Non-relational databases present particularities that we need to manage when implementing the vagueness mechanisms. In order to define this implementation proposal as universally as possible, we have decided to work with key-value structures for the expression of information, since they are the simplest and most commonly employed structure in all non-relational databases. Additionally, key-value principle is used as basis for document-based structures, which are also commonly non-relational schemas in which the data entities are grouped in documents as objects, which are composed by keys (properties) and values.
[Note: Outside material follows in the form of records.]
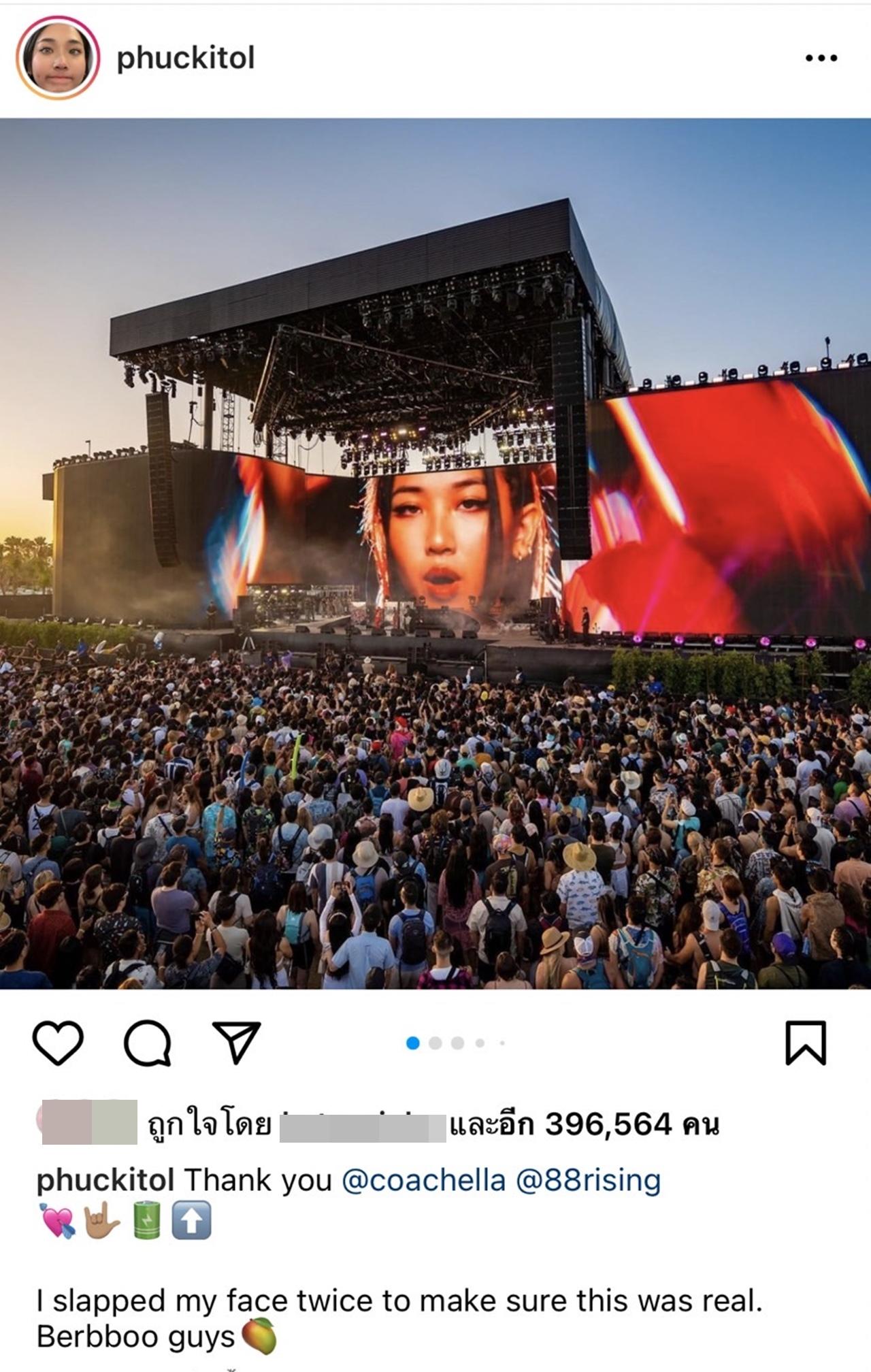 "Thank you @coachella @88rising I slapped my face twice to make sure this was real. Berbboo guys" (ขอบคุณ coachella 88rising ฉันต้องตบหน้าตัวเอง 2 ครั้ง เพื่อให้แน่ใจว่านี่เป็นเรื่องจริง รักทุกคน)".
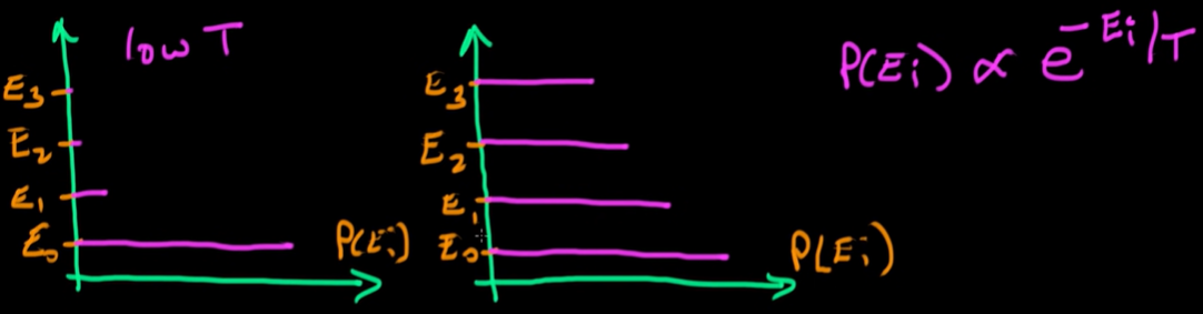 So as I've said before the lowest energy level corresponds to having the highest probability that the particle is in that state. For the next energy level it is slightly less likely that we would get a particle in that energy state across all of our theoretic systems. Next one after that even less etc and we gonna get this decaying away.
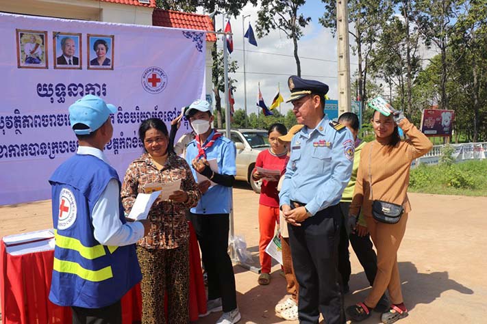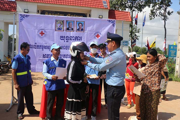 កំពង់ធំ.នៅព្រឹកថ្ងៃទី១១ ខែតុលា ឆ្នាំ២០២៣ ដោយមានការយកចិត្ត្តទុកដាក់ពី ឯកឧត្ដម ងួន រតន: ជាប្រធានគណៈកម្មាធិការសាខាកាកបាទក្រហមកម្ពុជាខេត្តកំពង់ធំ បានឱ្យក្រុមប្រតិបត្តិសាខា ដឹកនាំដោយលោក លោក កែវ ផល នាយកសាខា សហការជាមួយមន្ទីរសាធារណ:ការ និងដឹកជញ្ជូនខេត្ត ស្នងការដ្ឋាននគរបាល ឣង្គការបង្ការរបួសឣាស៊ី ដឹកនាំអ្នកស្ម័គ្រចិត្ត យុវជនកាកបាទក្រហម យុវជនកាយរិទ្ធ ចុះធ្វើយុទ្ធានាការអប់រំផ្សព្វផ្សាយស្ដីពីការលើកកម្ពស់សុវត្ថិភាពចរាចរណ៍ផ្លូវគោក និងបរិយាបន្ន នាឱកាសពិធីបុណ្យភ្ជុំបិណ្ឌប្រពៃណីជាតិខ្មែរ នៅចំណុចមុខវិទ្យាល័យស្ទឹងសែន ស្ថិតក្នុងសង្កាត់ស្រយ៉ូវ ក្រុងស្ទឹងសែន ។
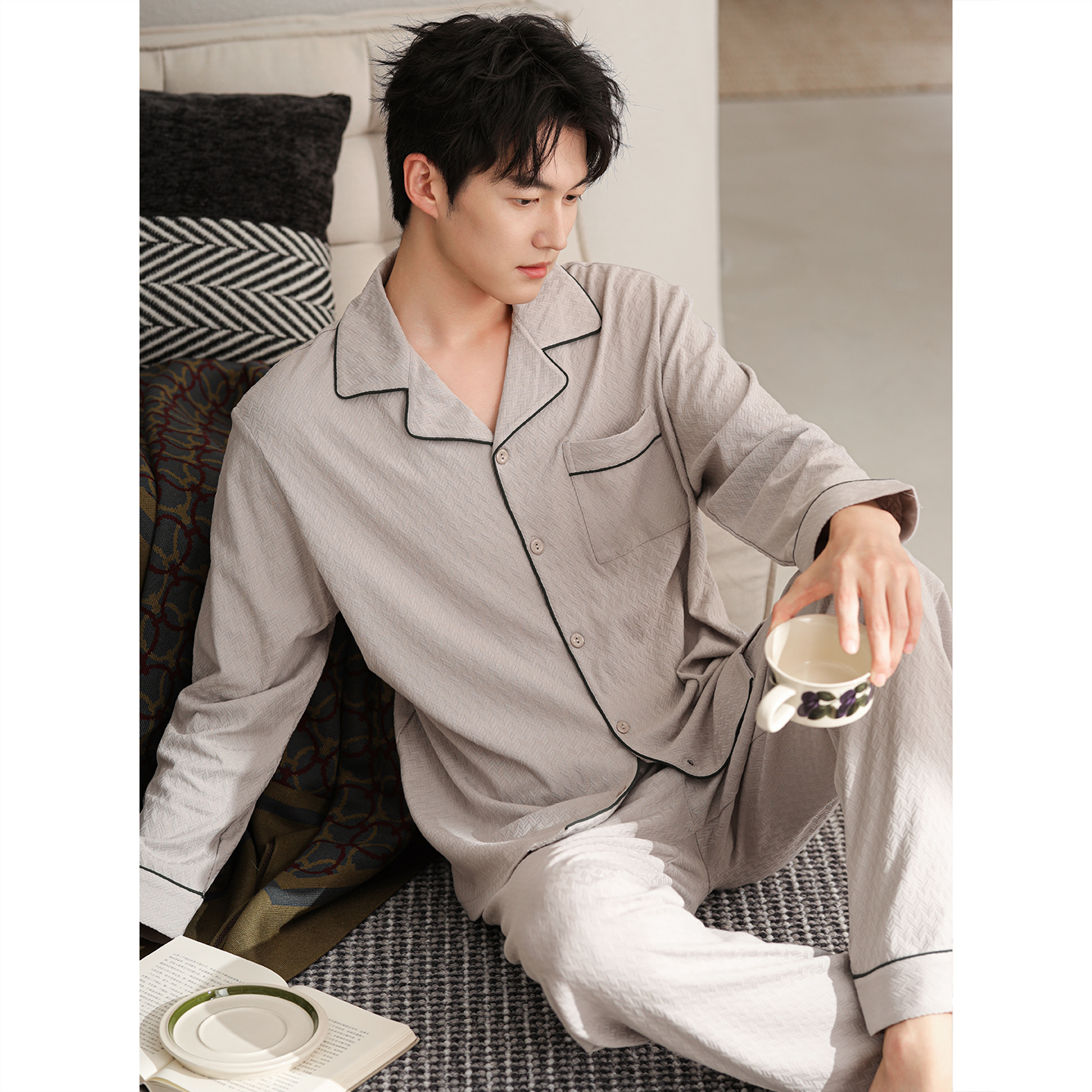 男款 秋季 秋冬家居服套装 春秋款 男式 纯棉长袖 休闲开衫 睡衣男士 大码
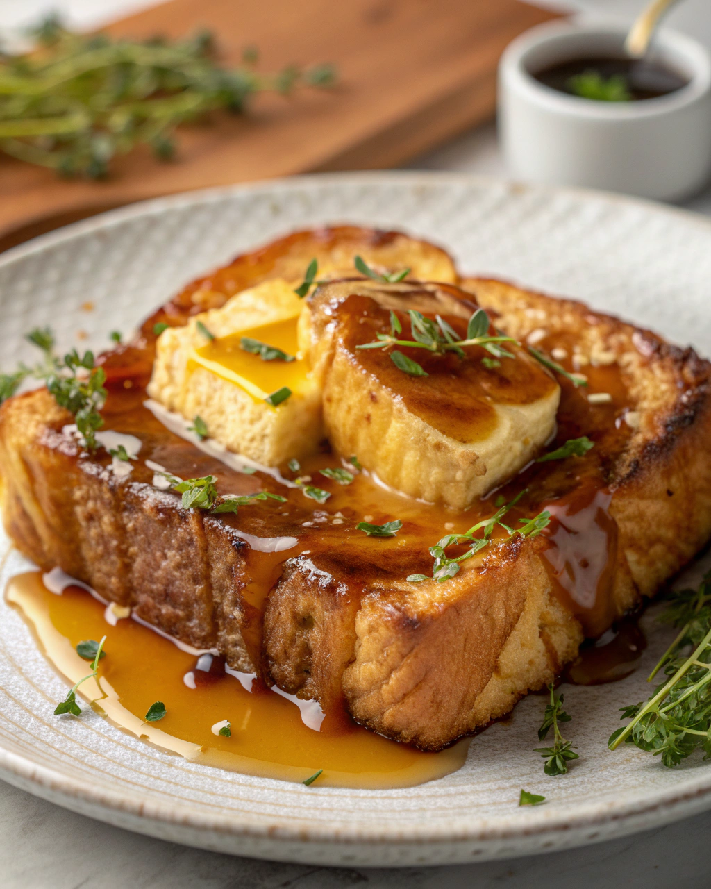 Servez la brioche perdue chaude, juste dorée, posée sur une jolie assiette blanche ou en terre cuite, pour laisser briller ses couleurs caramel. Quelques fruits rouges ou une compotée maison apportent une note fraîche et colorée. Un filet de sirop d’érable ou un peu de crème fouettée légérement sucrée complète ce tableau simple et doux, parfait pour prendre le temps de savourer un dimanche matin, sans hâte ni prétention.
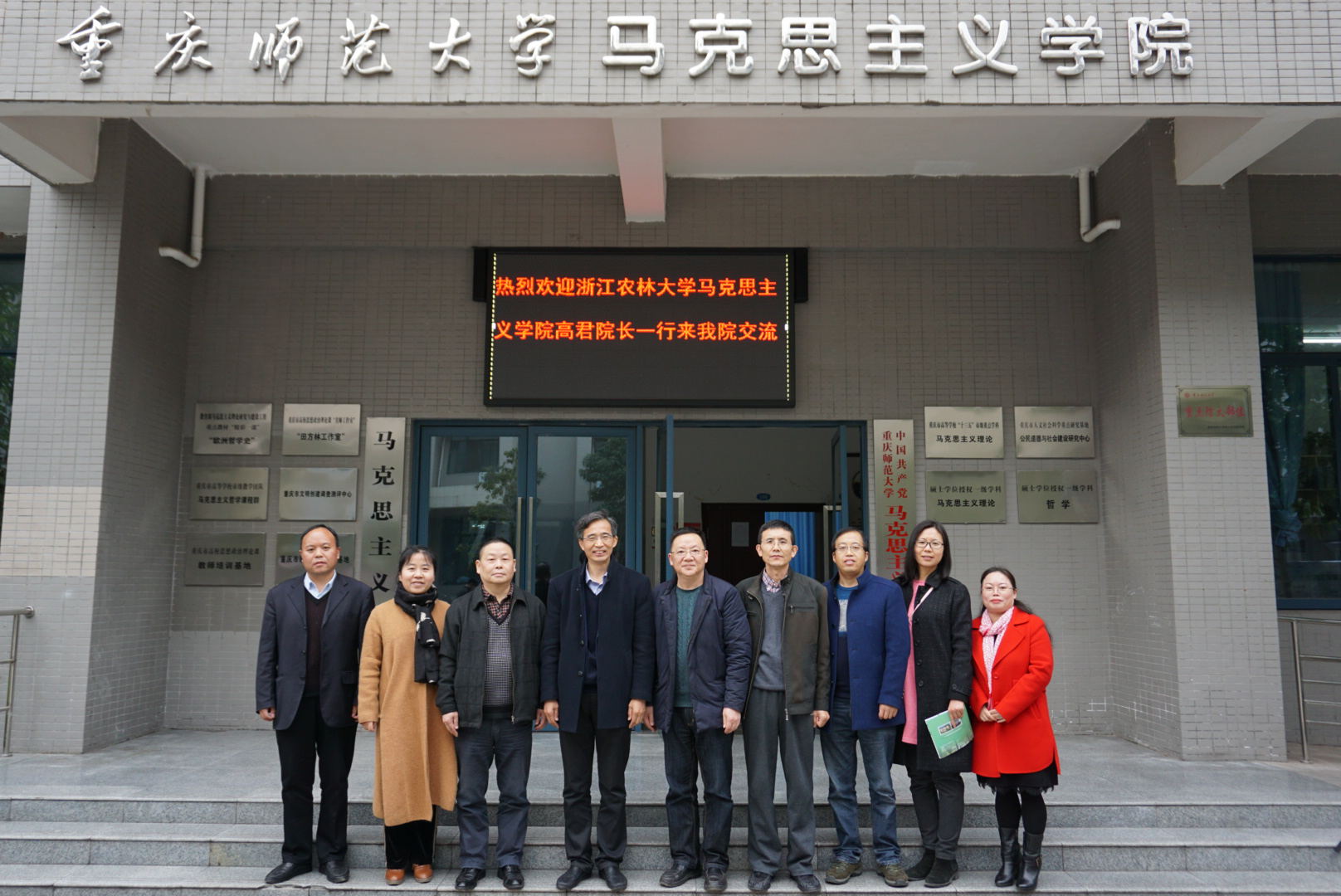此次交流主要圍繞學(xué)科建設(shè)、學(xué)術(shù)研討、研究生招生與培養(yǎng)等方面進(jìn)行。陳洪院長介紹了學(xué)院的發(fā)展歷史、學(xué)科建設(shè)、專業(yè)建設(shè)、師資隊伍、人才培養(yǎng)、思政課改革等概況,并就我院確立奮斗目標(biāo)、搭建學(xué)科團(tuán)隊、創(chuàng)造必要條件、制定激勵措施、引領(lǐng)支撐思政理論課教學(xué)、服務(wù)地方發(fā)展、學(xué)術(shù)交流等學(xué)科建設(shè)方面的舉措作了介紹。陳院長講到,我院未來三年的奮斗目標(biāo)是以馬克思主義理論學(xué)科為龍頭,積極爭取博士授權(quán)點申報成功;在學(xué)術(shù)研討方面,我院秉承“請進(jìn)來”和“走出去”的原則,一方面邀請知名專家進(jìn)校開展學(xué)術(shù)講座,另一方面我院教師參與到外校學(xué)術(shù)交流,同時每年通過開展研究生學(xué)術(shù)活動月、參加重慶市研究生馬克思主義論壇等推進(jìn)學(xué)術(shù)交流。況明安副院長就我院本科生思想政治教育實踐教學(xué)和公共課的網(wǎng)絡(luò)教學(xué)部分作了詳細(xì)介紹,分享了我院思想政治理論課實踐教學(xué)和網(wǎng)絡(luò)教學(xué)的具體流程。隨后,高君院長也對浙江農(nóng)林大學(xué)馬克思主義學(xué)院的發(fā)展概況、學(xué)科建設(shè)情況、學(xué)術(shù)研討、研究生招生與培養(yǎng)情況做了詳細(xì)介紹,并就相關(guān)問題開展了交流。在交流過程中,雙方圍繞思想政治理論課實踐教學(xué)和網(wǎng)絡(luò)教學(xué)問題展開了討論交流,大家認(rèn)為,在思想政治教育教學(xué)研究問題上,教學(xué)應(yīng)該回歸課堂,堅守好課堂主渠道,向課堂要質(zhì)量。

These documents are usually formatted following JSON syntax [45
]. For complete information about the non-relational terminology used here for describing implementation mechanisms, please consult [47
In addition, it should be pointed out that non-relational databases are the most widely currently used structure for application development, due to their performance in terms of indexing and searching performance, real-time data management, and connectivity (for example, for mobile or distributed applications). Digital humanities software systems also require these indexing and searching performance capabilities. Next, we detailed the non-relation implementation designed for each vagueness mechanism defined:
Null and unknown semantics. Most of the non-relational systems do not allow one to create specific reserved words that could implement the need for null and unknown semantic for expressing vagueness. Some systems use numeric values such as zero, negatives values, or empty strings to represent null and/or unknown values. Other values are sometimes used as “magic” values for these semantics. However, these practices often introduce ambiguity and confusion, as zero and empty strings may constitute acceptable values for associated attributes. It is also common practice to create specific informational objects in the database structure for null or unknown semantics. This is a possible solution in systems where the object structure is still supported, such as MongoDB [48
]. However, this solution is not possible in all non-relational systems. As we need specific semantics elements for representing absence of facts and absence of information universally, we have defined a node in our non-relational structure for each of them, encapsulating in specific references in the non-relational software systems the semantic required. Figure 3
shows the non-relational node and the key-value structures defined for null and unknown semantics and their use in a specific toponym information description in DICTOMAGRED.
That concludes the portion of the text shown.